Now there can be no denying that the AL government that took office in 2009 inherited a dreadful situation in the power sector, with generation capacity itself able to meet only 50 percent of the demand at the time. Prime Minister Sheikh Hasina is quite fond of quoting the fact that when she was returned to power for the second time in 2009, eight years after leaving at the end of her first term in 2001, to her surprise she found the country's power generation capacity was stuck at the same number that she had left it the first time - just around 3500MW. Two successive administrations -the first BNP-Jamaat coalition government followed by the last caretaker government (as things stand), that enjoyed an extended spell in power, had failed to add a single megawatt to the national grid, and that obviously lay at the heart of the chronic loadshedding that had become almost a daily fixture in people's lives by then.
Achieving a turnaround in this sector became one of the government's highest priorities. The quite obvious route chosen to do so was to increase capacity against projections of anticipated demand. Using a combination of expensive barge-mounted 'quick-rental' generators and commissioning a slew of plants from independent power producers, the AL was indeed able to achieve a quite stunning turnaround in the sector within its first term back in office. The progress the government achieved was of course frequently covered in these pages. We have raised issues before about the over-reliance on the expensive rental plants, especially the seeming inability to cut them off once their job was done. And the public would have to start getting used to paying through its nose for electricity, but by and large, they have remained agreeable to fulfilling their end of the bargain, and supportive of the government's policies. When the government's ministers or lackeys claimed to have 'sent loadshedding to the museum', they were happy to believe it and cheer them on. This was one sector in which the government would seem to have earned its plaudits.

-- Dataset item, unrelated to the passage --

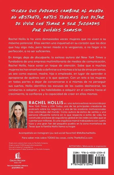 Rachel Hollis, autora del best seller Amiga, lávate esa cara y fundadora de TheChicSite.com, exhorta a las mujeres a dejar de disculparse por sus deseos, esperanzas y sueños y, en cambio, perseguirlos con pasión y confianza. Rachel ha sido testigo con frecuencia de mujeres que tienen temor de lograr sus propios objetivos. Temen pasar vergüenza, no alcanzar la perfección o no ser lo suficientemente valiosas. Pero el mayor temor de todos es ser juzgadas por el solo hecho de tener una ambición. Habiendo aprendido a definirse a sí mismas a la luz de otras personas -ya sea como esposas, madres, hijas o amigas- muchas mujeres han olvidado quiénes son en realidad y quiénes deberían ser. En este libro la celebridad emprendedora en línea, Rachel Hollis, alienta a las mujeres a ser dueñas de sus esperanzas, deseos y metas, y les recuerda que no tienen que pedir permiso para desear alcanzar más. Con un llamado a las mujeres de todo el mundo para que no dejen de hablar de sus sueños, Hollis identifica las excusas de las que tienen que liberarse, los comportamientos que deben adoptar y las habilidades que necesitan adquirir, en el camino hacia el crecimiento, la confianza y la mejor versión de sus vidas. Girl, Stop Apologizing Bestselling author of Girl, Wash Your Face and founder of TheChicSite.com Rachel Hollis urges women to stop apologizing for their desires, hopes, and dreams and instead to go after them with passion and confidence. Rachel Hollis has seen it too often: women being afraid of their own goals. They're afraid of embarrassment, of falling short of perfection, of not being enough. But the biggest fear of all is of being judged for having ambition at all. Having been taught to define themselves in light of other people--whether as wife, mother, daughter, or friend--many women have forgotten who they are and what they were meant to be. In Girl, Stop Apologizing, entrepreneur and online personality Rachel Hollis encourages women to own their hopes and desires and goals and reminds them they don't need permission to want more. With a call to women everywhere to stop talking themselves out of their dreams, Hollis identifies the excuses to let go of, the behaviors to adopt, and the skills to acquire on the path to growth, confidence, and the biggest possible version of their lives.

Alas, the dreaded method managed to escape the museum, and is now very much routine in our lives. This time the problem presents itself in an entirely new light. Installed or generation capacity is no longer the issue. Rather a shortage of primary fuels used in the sector is acting to hold us back. We are confronted with an alarming new reality where the country becomes more and more dependent on the international energy markets as domestic natural gas reserves start to dwindle. Any new discoveries will take substantive time to be added to the national grid. And so for the moment, digging into our reserves of foreign exchange to purchase expensive LNG and even coal remains the only way forward. The pitfalls in that approach became apparent this week, as a dollar/fund crisis led to the shutdown of the 1320MW Payra power plants, and loadshedding hit record levels amid an oppressive heatwave. The next coal shipment for the plant isn't dues till the third week of June, which already sounds like an eternity. The government has been imploring the public to show patience. Will they have it?